Text Stream Processing: cut, sort, uniq, wc

Word Count: wc

wc counts lines, words and characters

wc /etc/passwd

output

45 130 2500 /etc/passwd

45 lines, 130 words, and 2500 characters
to just get a line count use -lflag

wc -l /etc/passwd

Sorting: sort

command rearranges lines of a file alphabetically or numerically

sort names.txt

to sort a list of numbers use the numeric sort -n flag
to reverse the sort order use the -r flag

Removing Duplicates with uniq

uniq can filter duplicates only if the they are adjacent
almost always run sort before uniq

sort names.txt | uniq

to know how many times each line appeared use -c flag

sort names.txt | uniq -c

Slicing with cut

cut can extract specific columns from a file
example line from file where data is separated by colons (:)

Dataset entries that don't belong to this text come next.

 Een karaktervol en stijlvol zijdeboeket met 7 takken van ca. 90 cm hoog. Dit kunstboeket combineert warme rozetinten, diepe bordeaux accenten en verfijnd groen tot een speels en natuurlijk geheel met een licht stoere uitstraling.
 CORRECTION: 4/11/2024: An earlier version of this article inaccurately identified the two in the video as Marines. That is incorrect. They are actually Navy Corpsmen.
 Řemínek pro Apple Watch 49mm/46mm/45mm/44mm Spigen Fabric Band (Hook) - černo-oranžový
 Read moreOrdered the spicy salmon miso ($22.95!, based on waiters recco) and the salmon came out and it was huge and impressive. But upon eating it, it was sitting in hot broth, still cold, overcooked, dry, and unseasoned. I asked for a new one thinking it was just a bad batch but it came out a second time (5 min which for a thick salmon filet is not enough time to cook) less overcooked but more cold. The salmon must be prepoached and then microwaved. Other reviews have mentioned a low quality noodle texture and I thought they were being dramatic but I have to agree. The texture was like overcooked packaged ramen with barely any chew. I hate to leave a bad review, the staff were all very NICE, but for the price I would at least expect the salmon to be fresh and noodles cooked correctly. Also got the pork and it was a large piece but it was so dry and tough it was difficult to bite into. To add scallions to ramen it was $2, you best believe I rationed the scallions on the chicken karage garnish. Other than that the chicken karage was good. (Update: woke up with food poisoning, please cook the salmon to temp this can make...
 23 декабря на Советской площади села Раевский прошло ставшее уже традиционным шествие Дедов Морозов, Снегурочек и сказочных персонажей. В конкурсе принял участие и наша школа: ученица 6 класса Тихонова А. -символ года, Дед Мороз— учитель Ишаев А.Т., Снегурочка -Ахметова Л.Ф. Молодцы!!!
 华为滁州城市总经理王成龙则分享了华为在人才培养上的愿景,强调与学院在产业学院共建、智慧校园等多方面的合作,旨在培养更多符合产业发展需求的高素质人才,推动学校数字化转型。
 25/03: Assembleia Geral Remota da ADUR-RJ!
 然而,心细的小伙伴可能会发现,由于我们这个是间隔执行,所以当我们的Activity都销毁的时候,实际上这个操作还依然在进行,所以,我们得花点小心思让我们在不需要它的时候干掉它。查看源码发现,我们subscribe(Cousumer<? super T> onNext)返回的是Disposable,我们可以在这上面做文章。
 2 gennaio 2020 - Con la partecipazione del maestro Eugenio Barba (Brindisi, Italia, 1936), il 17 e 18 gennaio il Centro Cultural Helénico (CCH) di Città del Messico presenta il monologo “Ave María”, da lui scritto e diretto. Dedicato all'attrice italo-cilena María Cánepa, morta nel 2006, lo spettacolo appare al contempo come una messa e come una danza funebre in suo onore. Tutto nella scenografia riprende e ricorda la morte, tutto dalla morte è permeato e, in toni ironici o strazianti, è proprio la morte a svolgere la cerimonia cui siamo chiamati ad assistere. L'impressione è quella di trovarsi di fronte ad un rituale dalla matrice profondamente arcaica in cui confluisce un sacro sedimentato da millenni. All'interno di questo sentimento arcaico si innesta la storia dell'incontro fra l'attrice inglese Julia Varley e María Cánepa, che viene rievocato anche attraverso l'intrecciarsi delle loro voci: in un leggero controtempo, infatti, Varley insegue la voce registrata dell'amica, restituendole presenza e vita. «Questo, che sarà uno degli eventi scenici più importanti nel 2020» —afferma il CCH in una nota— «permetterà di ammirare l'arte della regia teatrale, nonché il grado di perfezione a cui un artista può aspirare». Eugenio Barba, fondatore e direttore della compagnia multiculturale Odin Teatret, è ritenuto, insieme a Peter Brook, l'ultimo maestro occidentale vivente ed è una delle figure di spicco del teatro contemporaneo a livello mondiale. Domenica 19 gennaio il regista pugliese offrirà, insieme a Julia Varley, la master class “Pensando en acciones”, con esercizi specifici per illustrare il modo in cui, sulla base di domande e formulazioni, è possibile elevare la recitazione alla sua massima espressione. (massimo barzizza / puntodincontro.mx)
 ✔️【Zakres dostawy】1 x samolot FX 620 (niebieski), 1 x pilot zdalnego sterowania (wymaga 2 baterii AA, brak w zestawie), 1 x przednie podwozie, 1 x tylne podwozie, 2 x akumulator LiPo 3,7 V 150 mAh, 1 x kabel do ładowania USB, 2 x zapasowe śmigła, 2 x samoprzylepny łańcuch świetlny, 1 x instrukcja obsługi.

root:x:0:0:root:/root:/bin/bash

syntax

cut -d <delimiter> -f <field number(s)> <filename>

to get a list of users from the user field

cut -d : -f 1 /etc/passwd

Note : column numbers are not zero-based

Comparing Files: diff and cmp

diff command

diff compares two files line by line and outputs the changes needed to make file A look like file B

diff file1.txt file2.txt

output uses < and >

< - lines present in file 1 but not file 2
> - lines present in file 2 but not file 1

cmp command

compares files byte by byte
mostly used to check binary files
if files are the same the command returns silently
if files are different, result displays the byte number where the difference occurs

Transforming Text: tr, sed Basics, awk Introduction

Translating Characters with tr

tr is used to swap or delete individual characters
is strictly a stream tool (takes input from another command)
converting lowercase to uppercase

echo "hello world" | tr "a-z" "A-Z"

output

HELLO WORLD

deleting specific characters

echo "Hello 123" | tr -d "0-9"

output

Hello

The Stream Editor: sed

sed is a programmable text editor
can modify a file while the data is flowing through it
most common use is substitution (Find and Replace)
syntax

s/old_word/new_word/g

command

echo "I love Windows" | sed 's/Windows/Linux/g'

sed arguments

s - substitute command
Windows - search term
Linux - replacement
g - replace all occurences in the line

sed can be used to edit a file in place using -i flag

sed -i 's/false/true/g' config.txt

The Powerhouse: awk

awk is actually a full programming language disguised as a command
is incredibly powerful for processing data organized in columns
cut requires a single character delimiter
awk handles whitespace automatically
example file

John Manager 50000
Sarah Engineer 60000

to print the name and salary columns
one-based column numbers

awk '{print $1, $3}' employees.txt

Redirecting Output: >, >>, <

redirect command output from screen (stdout) as a stream to a file

Overwrite (>)

sends output to a file
if file exists it will be erased and replaced

ls > filelist.txt

Append (>>)

appends output to existing file

date >> log.txt

Input Redirection (<)

feeds a file to a command

sort < names.txt

command output goes to stdout

Standard Error

third stream Standard Error stderr
if an error occurs the error message goes to stderr and not stdout
to redirect errors

ls 2> errors.txt

Piping Commands: The Power of |

a pipe takes the output of one command and uses itas input to another command
like an assembly line

Raw Data -> [Machine 1] -> Semi-finished Data -> [Machine 2] -> Finished Product

no need to save intermediate files
to page through a long list

ls -l | less

logic example

grep "error" /var/log/syslog | wc -l

grep extracts all lines containing 'error'
pipe passes the lines to wc -l
wc -l counts the number of lines

Combining Commands for Powerful Text Processing Workflows

example web log format

192.168.1.50 - - [Date] "GET /page.html" 200 ... 
10.0.0.1 - - [Date] "GET /index.html" 200 ... 
192.168.1.50 - - [Date] "GET /image.jpg" 200 ...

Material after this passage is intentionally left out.